### PROBLEM TO SOLVE
Without copying any picture, return all lines below exactly.

### GIVEN DATA
== Segment start ==

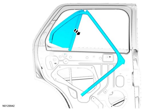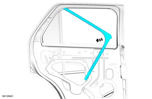 1. NOTE: The door glass run and bracket are part of the rear window fixed glass assembly and cannot be serviced separately.
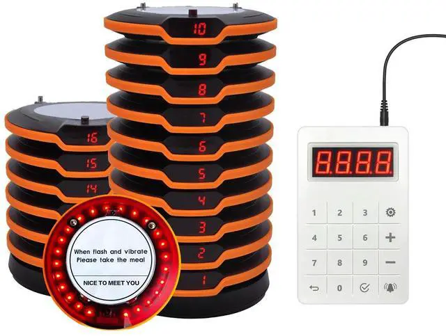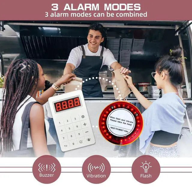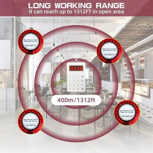 LONG-RANGE WIRELESS PAGER SYSTEM FOR FOOD TRUCKS & RESTAURANTS Maximize your business efficiency with our long range restaurant coaster pager system. Its 1312ft coverage in open area makes they are ideal for busy food trucks, drive-thru pickup zones, and curbside service. Eliminate crowded queues and enable contactless car-side notifications for parking lot waiters. Perfect for Food truck festivals, Drive-in theaters, Outdoor catering events and High-volume food courts. ^^ MULTI-ALERT NOTIFICATION SYSTEM Customize alerts with 3-in-1 vibration + LED flash + audible beep This restaurant pager system buzzers are designed for noisy kitchen environments (loud buzzer mode cuts through chaos), discreet VIP service (vibrate-only for upscale dining) and visual allergy alerts (color-coded flashing for special orders).
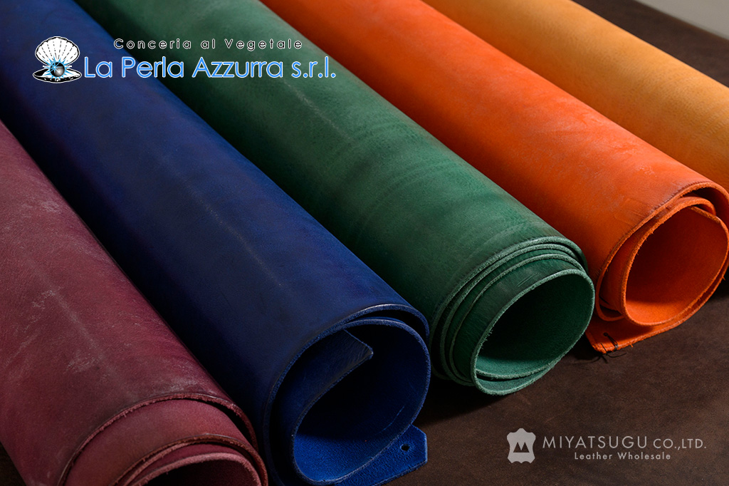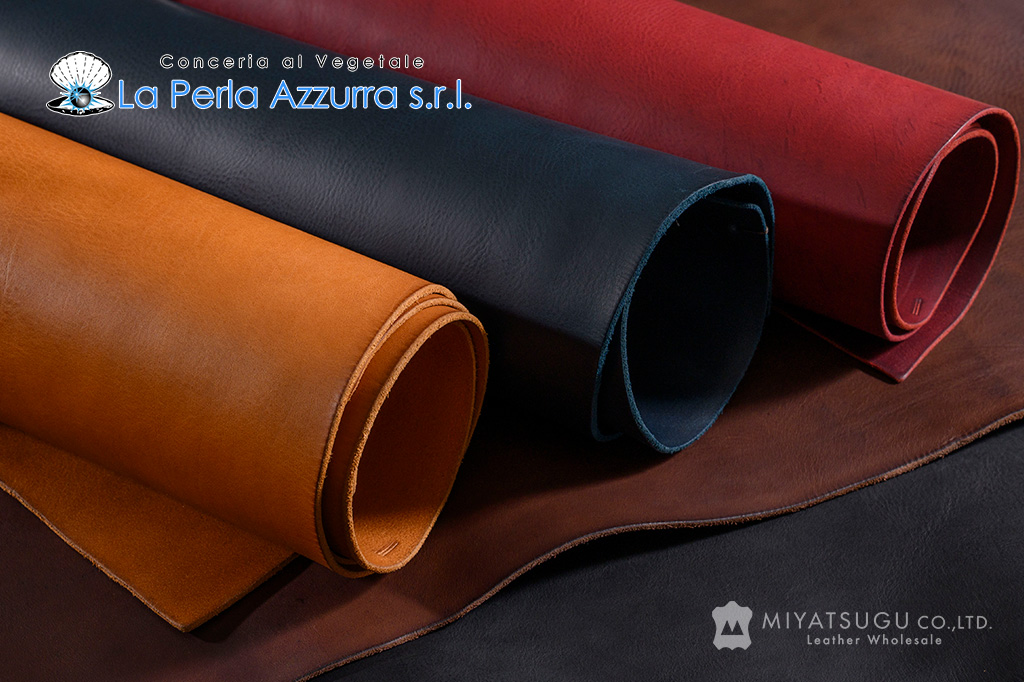 オイルをしっかりと含んだ、しっとりとした感触のLa Perla Azzurra社定番厚口ダブルショルダー。

== Segment end ==

### YOUR RESPONSE
 1. NOTE: The door glass run and bracket are part of the rear window fixed glass assembly and cannot be serviced separately.
 LONG-RANGE WIRELESS PAGER SYSTEM FOR FOOD TRUCKS & RESTAURANTS Maximize your business efficiency with our long range restaurant coaster pager system. Its 1312ft coverage in open area makes they are ideal for busy food trucks, drive-thru pickup zones, and curbside service. Eliminate crowded queues and enable contactless car-side notifications for parking lot waiters. Perfect for Food truck festivals, Drive-in theaters, Outdoor catering events and High-volume food courts. ^^ MULTI-ALERT NOTIFICATION SYSTEM Customize alerts with 3-in-1 vibration + LED flash + audible beep This restaurant pager system buzzers are designed for noisy kitchen environments (loud buzzer mode cuts through chaos), discreet VIP service (vibrate-only for upscale dining) and visual allergy alerts (color-coded flashing for special orders).
 オイルをしっかりと含んだ、しっとりとした感触のLa Perla Azzurra社定番厚口ダブルショルダー。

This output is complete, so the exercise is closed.